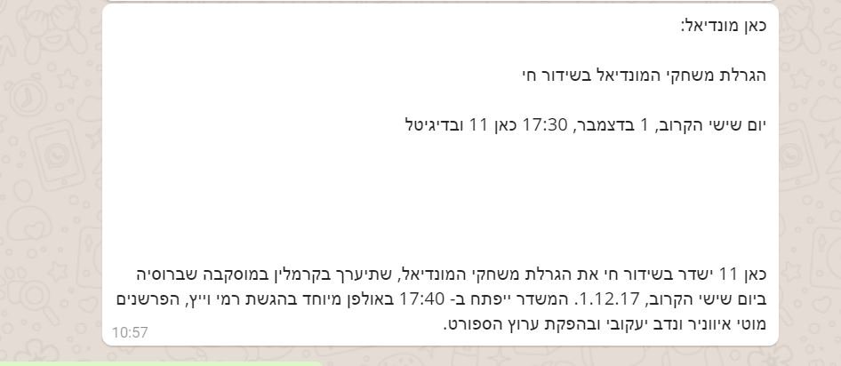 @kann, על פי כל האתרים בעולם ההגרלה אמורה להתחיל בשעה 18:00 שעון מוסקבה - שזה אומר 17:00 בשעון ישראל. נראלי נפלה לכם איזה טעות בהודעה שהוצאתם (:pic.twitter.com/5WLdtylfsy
________
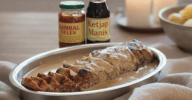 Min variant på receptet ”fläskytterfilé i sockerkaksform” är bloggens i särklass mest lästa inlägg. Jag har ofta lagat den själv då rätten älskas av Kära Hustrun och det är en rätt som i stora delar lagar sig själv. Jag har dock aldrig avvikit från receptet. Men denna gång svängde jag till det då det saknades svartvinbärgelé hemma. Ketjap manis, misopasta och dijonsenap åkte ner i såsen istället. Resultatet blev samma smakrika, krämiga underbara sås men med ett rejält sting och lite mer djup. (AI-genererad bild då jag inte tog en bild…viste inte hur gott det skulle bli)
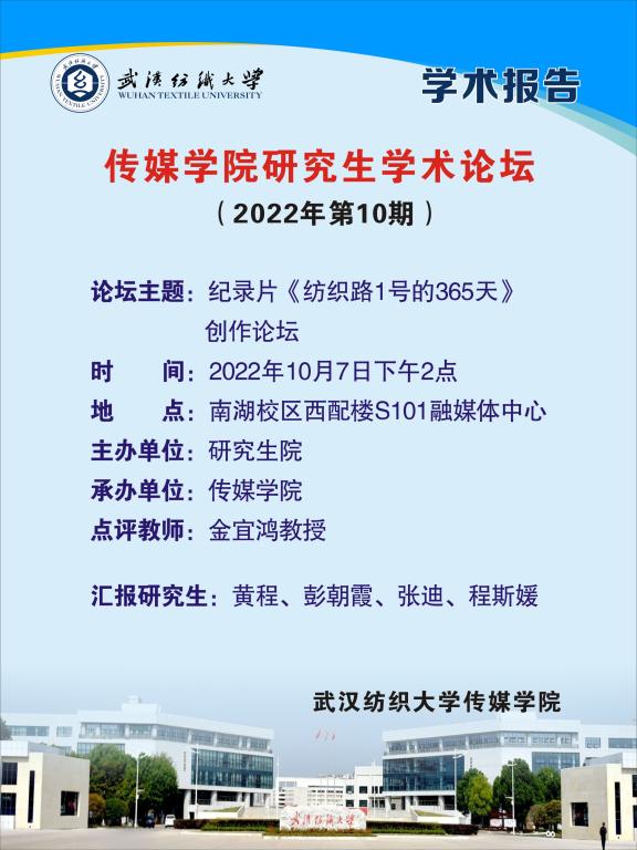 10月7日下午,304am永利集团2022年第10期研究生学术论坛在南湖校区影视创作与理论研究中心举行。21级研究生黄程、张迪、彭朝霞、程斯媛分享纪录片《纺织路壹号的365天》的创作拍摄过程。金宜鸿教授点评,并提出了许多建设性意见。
________
**WHAT YOU WILL DO**
Take the material above from the line bearing "Min variant på" through the line bearing "10月7日下午,304am永" and write it out exactly, both end lines included. Pictures stay out.

**ANSWER TO THE PROBLEM**
 Min variant på receptet ”fläskytterfilé i sockerkaksform” är bloggens i särklass mest lästa inlägg. Jag har ofta lagat den själv då rätten älskas av Kära Hustrun och det är en rätt som i stora delar lagar sig själv. Jag har dock aldrig avvikit från receptet. Men denna gång svängde jag till det då det saknades svartvinbärgelé hemma. Ketjap manis, misopasta och dijonsenap åkte ner i såsen istället. Resultatet blev samma smakrika, krämiga underbara sås men med ett rejält sting och lite mer djup. (AI-genererad bild då jag inte tog en bild…viste inte hur gott det skulle bli)
 10月7日下午,304am永利集团2022年第10期研究生学术论坛在南湖校区影视创作与理论研究中心举行。21级研究生黄程、张迪、彭朝霞、程斯媛分享纪录片《纺织路壹号的365天》的创作拍摄过程。金宜鸿教授点评,并提出了许多建设性意见。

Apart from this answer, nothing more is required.